### WHAT THE EXERCISE ASKS
What follows is a set of entries. Repeat them exactly, but not their pictures.

### DATA RECORDS
↓↓↓
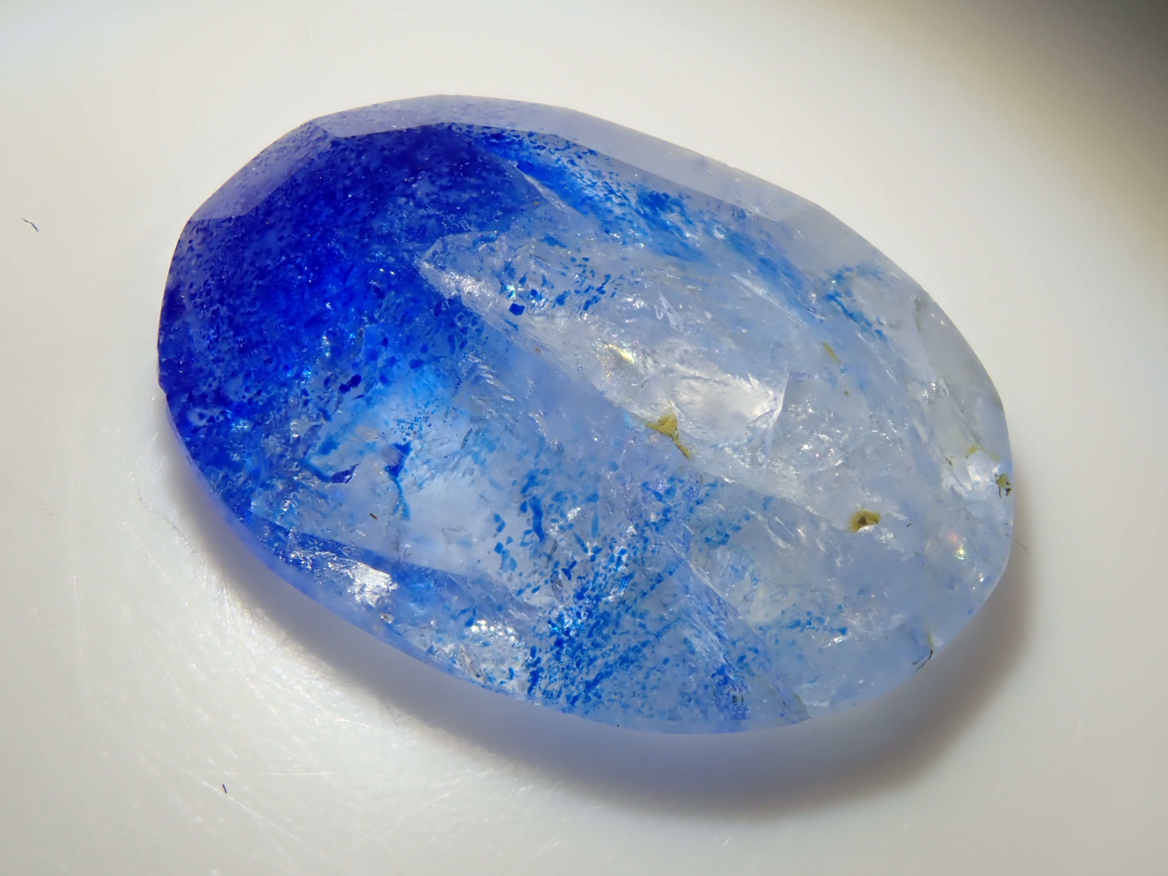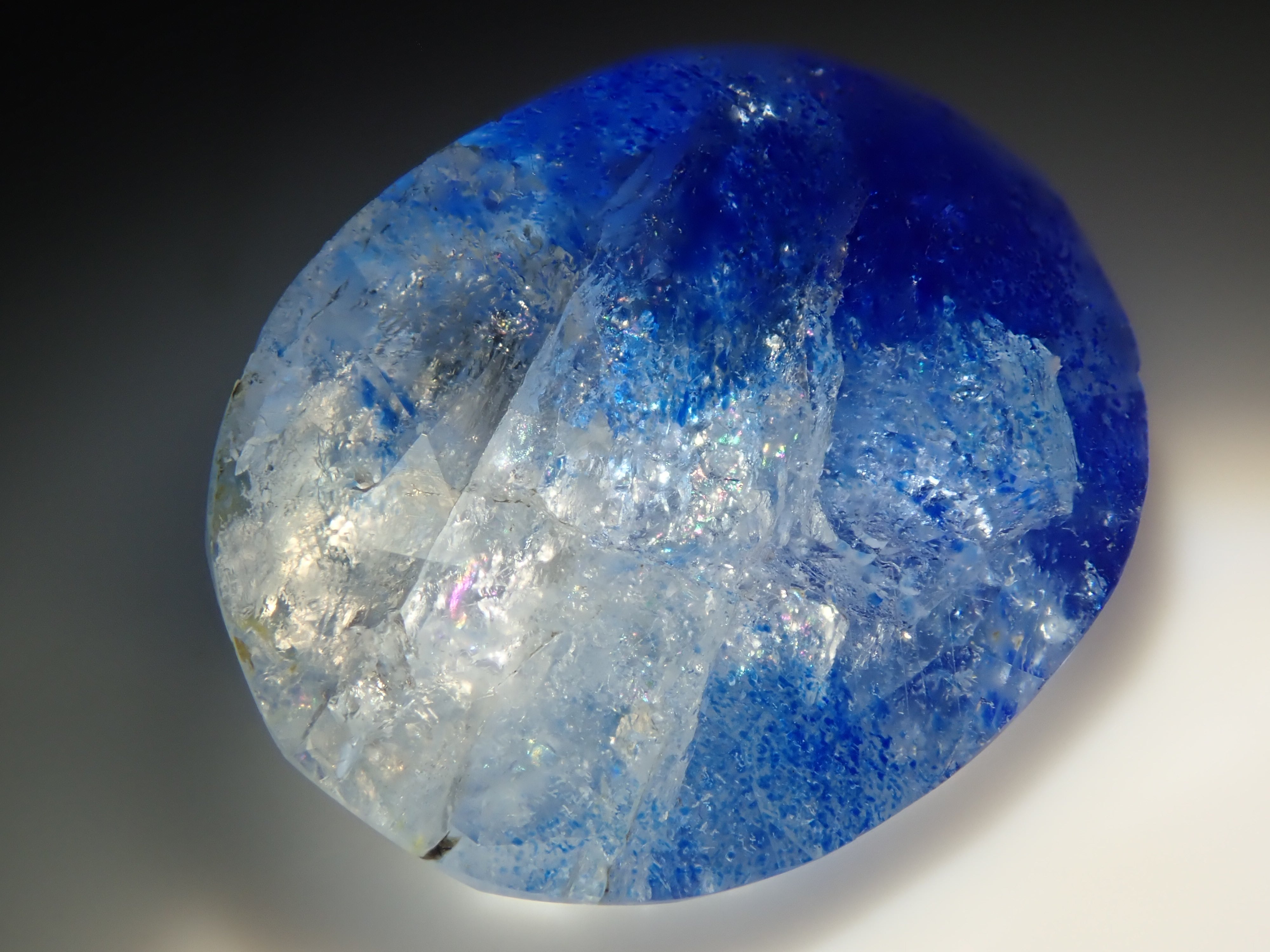 天然方鈉石。顧名思義,它擁有清爽的透明度和如融化的冰塊般柔和的光澤。此外,還有一種淡藍色的方鈉石,名副其實地被稱為「蘇打」。這是一種光是看著就讓人口渴的寶石。這是一種內部含有青金石的方鈉石。
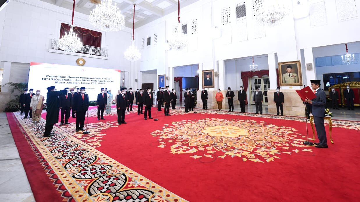 Presiden Joko Widodo melantik dan mengambil sumpah jabatan Dewan Pengawas beserta Direksi Badan Penyelenggara Jaminan Sosial (BPJS) Kesehatan dan BPJS Ketenagakerjaan untuk masa jabatan tahun 2021-2026. Acara pelantikan berlangsung di Istana Negara, Jakarta, pada Senin, 22 Februari 2021.
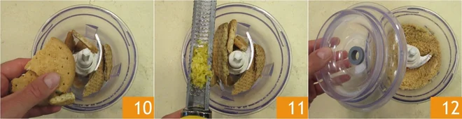 Prepare the base in the meantime: melt the butter and leave to cool, then place the biscuits in the mixer 10, together with the grated lemon peel 11. Blend thoroughly 12.
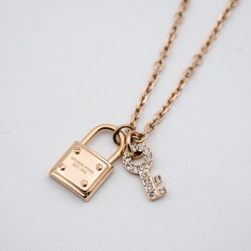 Title (ebay affiliate link): Authentic New Michael Kors Brilliance Rose Gold tone Padlock Pendant Necklace
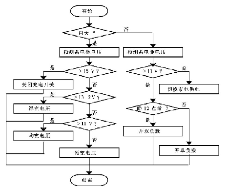 在放電過程中,首先保證在晚上12點(diǎn)前開通兩路負(fù)載,12點(diǎn)后開通一路負(fù)載,并且當(dāng)蓄電池電壓低于保護(hù)電壓(11V)時(shí),控制器自動(dòng)切換到市電供電系統(tǒng)或關(guān)閉負(fù)載開關(guān)以保護(hù)蓄電池不受損壞。因此,充電管理和放電管理是系統(tǒng)軟件設(shè)計(jì)中的主要內(nèi)容,充放電程序流程圖如圖4 所示:
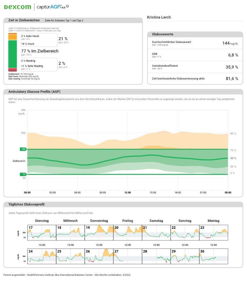 Das AGP ist ein standardisierter Glukosebericht, erstellt vom International Diabetes Centre, der verschiedene Datenpunkte verwendet, um Muster mit Statistiken, einem Trenddiagramm und Tagesprofilen abzubilden.
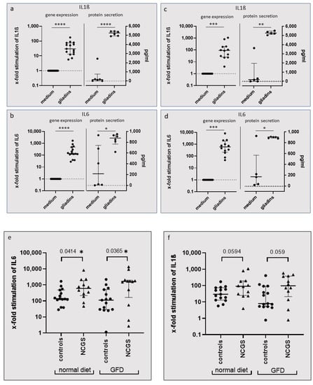 Gene and protein expression of PBMCs after incubation with tryptic-digested gliadins. All results are shown as median with interquartile range. (a,b) IL1ß and IL6 expression of PBMCs from healthy controls (n = 15) and (c,d) from patients with NCGS (n = 12). The Wilcoxon signed rank test revealed significant upregulation of gene expression of PBMCs after stimulation with gliadins. The paired t-test revealed significant differences in gliadin-induced protein secretion of PBMCs in healthy controls (n = 6) and patients with NCGS (n = 5). (e,f) Gene expression of gliadin stimulated PBMCs under a normal diet and after a 6-week GFD. The Mann–Whitney test was used to detect significant differences in gene expression between NCGS and controls. (e) The gliadin-induced expression of IL6 mRNA was significantly higher in the PBMCs of patients with NCGS compared to controls before (with a normal diet) and also after a 6-week GFD. (f) Stimulation by gliadins caused a distinct upregulation of IL1ß mRNA in the PBMCs of patients with NCGS compared to controls, although not significantly so. Fold-change gene analysis was carried out with the 2ΔΔCt method, using GAPDH as a housekeeping gene, and was related to values for the culture medium without cereal stimulants as control. * p < 0.05; ** p < 0.01, *** p < 0.005, **** p < 0.0001.
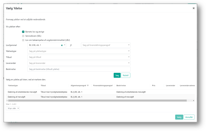Du opretter en merudgiftsydelse ved at vælge en af følgende ydelser:
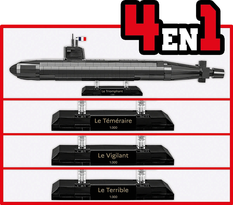 - Stojany: 4 personalizované tabuľky s názvami francúzskych SSBN (Le Triomphant, Le Téméraire, Le Vigilant, Le Terrible)
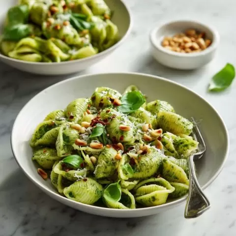 Смешайте песто с отваренной пастой, подкорректируйте приправы, добавьте каперсы. Подавайте с посыпкой из панировочных сухарей для хрустящей текстуры. Приятного аппетита!
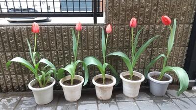 🗨️「チューリップが5つ全部きれいに咲きました。」
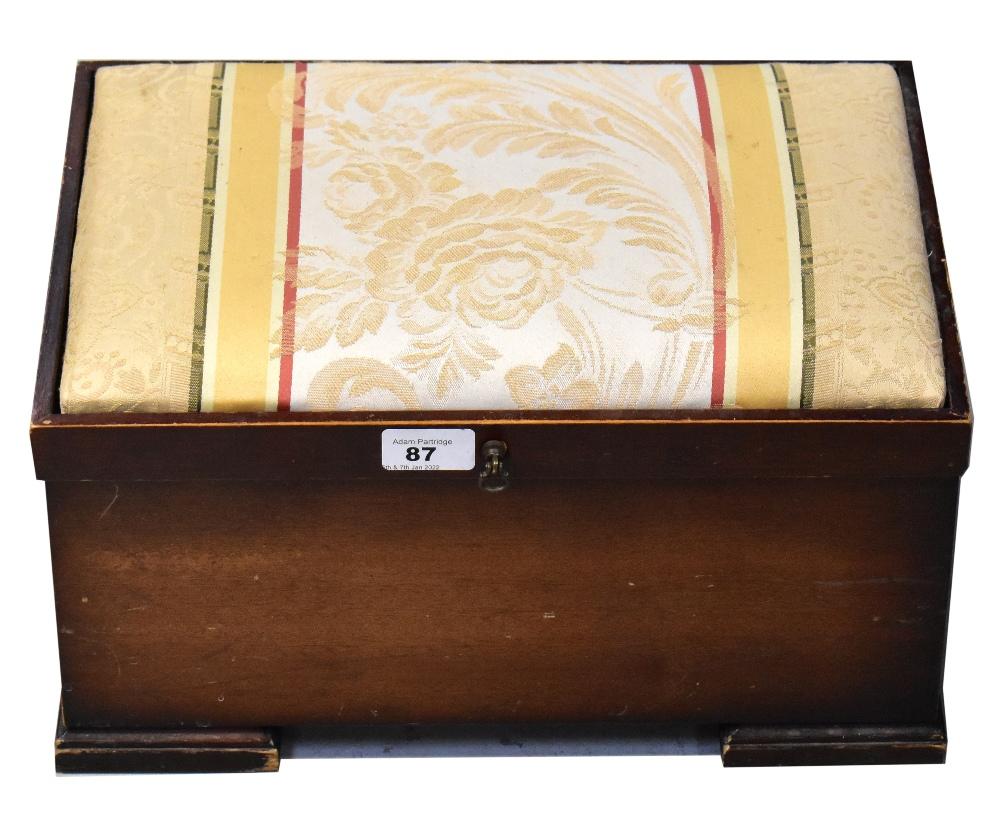 Lot 87 of 854: A mahogany shoeshine box with upholstered top, to four block supports, 20 x 40 x 27cm.
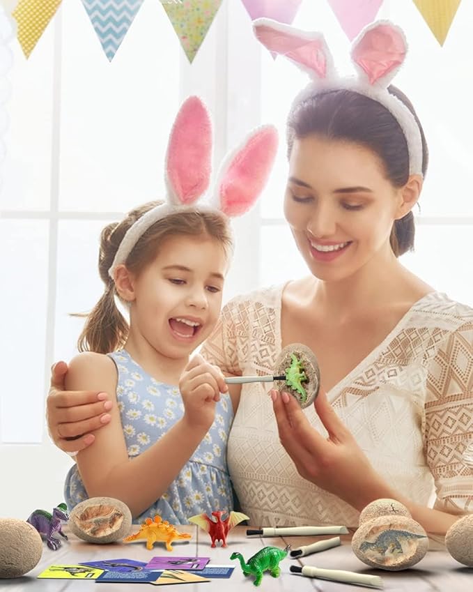 - [12 UNIQUE DINOSAUR EGGS] Looking for Christmas and birthday party gifts for your kids and family? Your children will love using the small brush and chisel to dig with this dinosaur egg digging kit.
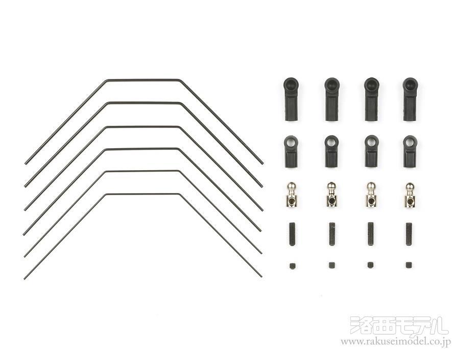 コーナーの切り返しやハイスピードコーナリング時の安定性を高めるスタビライザー。前後それぞれ3種類の硬さのスタビライザーバーをセットして、コースレイアウトや路面グリップに合わせたセッティングが可能です。
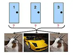 • Soient trois portes, l'une cache une voiture, les deux autres une chèvre. Les prix sont répartis par tirage au sort.
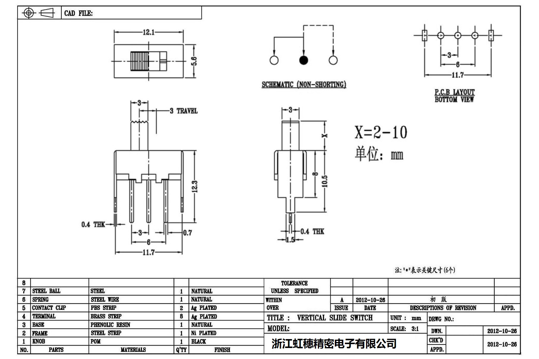 Verticaltoggle switch side dial/ Vertical slide switch technical indicators
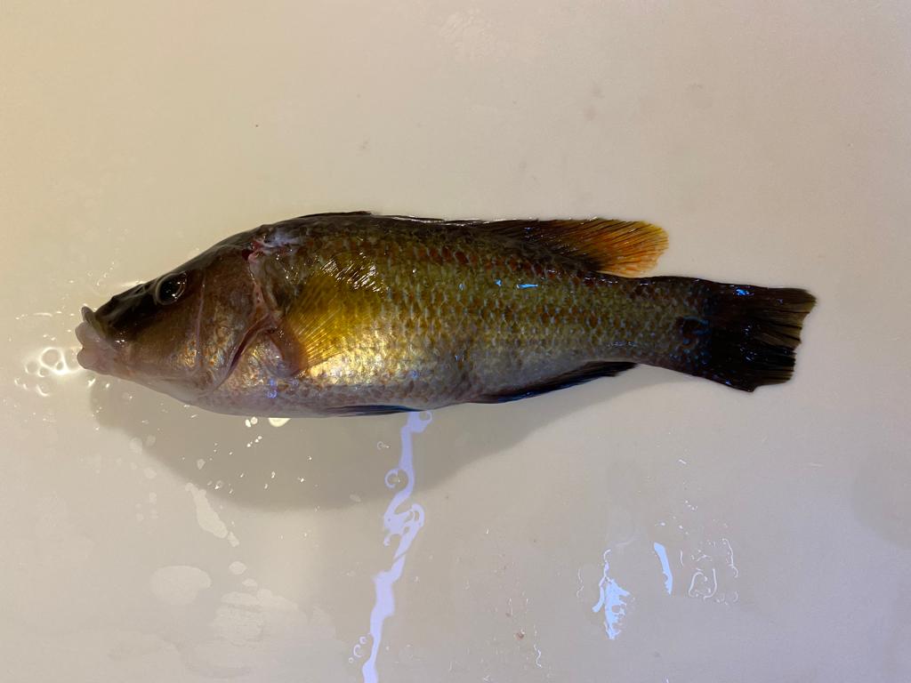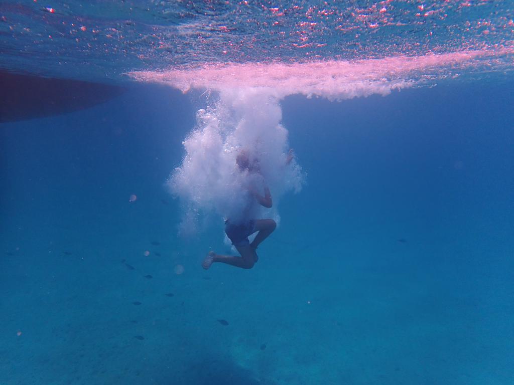 Et la croisière s’amuse a continué comme ça jusqu’à lundi, tout autour de l’île : navigation, baignade, snorkeling, pêche, bonnes bouffes, sauts depuis le bateau, jeux entre cousin-cousines, parties de jass, … Dimanche, Papa a passé des heures à chasser et il nous a ramené des nouveautés : Gilbert le corb, Gabrielle le rouget de roche et Gilou le Crènilabre paon. Heureusement qu’à l’Hôtel Black Pearl tout le monde aime le poisson 😅!
↑↑↑
### RESULT OF THIS EXERCISE
 天然方鈉石。顧名思義,它擁有清爽的透明度和如融化的冰塊般柔和的光澤。此外,還有一種淡藍色的方鈉石,名副其實地被稱為「蘇打」。這是一種光是看著就讓人口渴的寶石。這是一種內部含有青金石的方鈉石。
 Presiden Joko Widodo melantik dan mengambil sumpah jabatan Dewan Pengawas beserta Direksi Badan Penyelenggara Jaminan Sosial (BPJS) Kesehatan dan BPJS Ketenagakerjaan untuk masa jabatan tahun 2021-2026. Acara pelantikan berlangsung di Istana Negara, Jakarta, pada Senin, 22 Februari 2021.
 Prepare the base in the meantime: melt the butter and leave to cool, then place the biscuits in the mixer 10, together with the grated lemon peel 11. Blend thoroughly 12.
 Title (ebay affiliate link): Authentic New Michael Kors Brilliance Rose Gold tone Padlock Pendant Necklace
 在放電過程中,首先保證在晚上12點(diǎn)前開通兩路負(fù)載,12點(diǎn)后開通一路負(fù)載,并且當(dāng)蓄電池電壓低于保護(hù)電壓(11V)時(shí),控制器自動(dòng)切換到市電供電系統(tǒng)或關(guān)閉負(fù)載開關(guān)以保護(hù)蓄電池不受損壞。因此,充電管理和放電管理是系統(tǒng)軟件設(shè)計(jì)中的主要內(nèi)容,充放電程序流程圖如圖4 所示:
 Das AGP ist ein standardisierter Glukosebericht, erstellt vom International Diabetes Centre, der verschiedene Datenpunkte verwendet, um Muster mit Statistiken, einem Trenddiagramm und Tagesprofilen abzubilden.
 Gene and protein expression of PBMCs after incubation with tryptic-digested gliadins. All results are shown as median with interquartile range. (a,b) IL1ß and IL6 expression of PBMCs from healthy controls (n = 15) and (c,d) from patients with NCGS (n = 12). The Wilcoxon signed rank test revealed significant upregulation of gene expression of PBMCs after stimulation with gliadins. The paired t-test revealed significant differences in gliadin-induced protein secretion of PBMCs in healthy controls (n = 6) and patients with NCGS (n = 5). (e,f) Gene expression of gliadin stimulated PBMCs under a normal diet and after a 6-week GFD. The Mann–Whitney test was used to detect significant differences in gene expression between NCGS and controls. (e) The gliadin-induced expression of IL6 mRNA was significantly higher in the PBMCs of patients with NCGS compared to controls before (with a normal diet) and also after a 6-week GFD. (f) Stimulation by gliadins caused a distinct upregulation of IL1ß mRNA in the PBMCs of patients with NCGS compared to controls, although not significantly so. Fold-change gene analysis was carried out with the 2ΔΔCt method, using GAPDH as a housekeeping gene, and was related to values for the culture medium without cereal stimulants as control. * p < 0.05; ** p < 0.01, *** p < 0.005, **** p < 0.0001.
Du opretter en merudgiftsydelse ved at vælge en af følgende ydelser:
 - Stojany: 4 personalizované tabuľky s názvami francúzskych SSBN (Le Triomphant, Le Téméraire, Le Vigilant, Le Terrible)
 Смешайте песто с отваренной пастой, подкорректируйте приправы, добавьте каперсы. Подавайте с посыпкой из панировочных сухарей для хрустящей текстуры. Приятного аппетита!
 🗨️「チューリップが5つ全部きれいに咲きました。」
 Lot 87 of 854: A mahogany shoeshine box with upholstered top, to four block supports, 20 x 40 x 27cm.
 - [12 UNIQUE DINOSAUR EGGS] Looking for Christmas and birthday party gifts for your kids and family? Your children will love using the small brush and chisel to dig with this dinosaur egg digging kit.
 コーナーの切り返しやハイスピードコーナリング時の安定性を高めるスタビライザー。前後それぞれ3種類の硬さのスタビライザーバーをセットして、コースレイアウトや路面グリップに合わせたセッティングが可能です。
 • Soient trois portes, l'une cache une voiture, les deux autres une chèvre. Les prix sont répartis par tirage au sort.
 Verticaltoggle switch side dial/ Vertical slide switch technical indicators
 Et la croisière s’amuse a continué comme ça jusqu’à lundi, tout autour de l’île : navigation, baignade, snorkeling, pêche, bonnes bouffes, sauts depuis le bateau, jeux entre cousin-cousines, parties de jass, … Dimanche, Papa a passé des heures à chasser et il nous a ramené des nouveautés : Gilbert le corb, Gabrielle le rouget de roche et Gilou le Crènilabre paon. Heureusement qu’à l’Hôtel Black Pearl tout le monde aime le poisson 😅!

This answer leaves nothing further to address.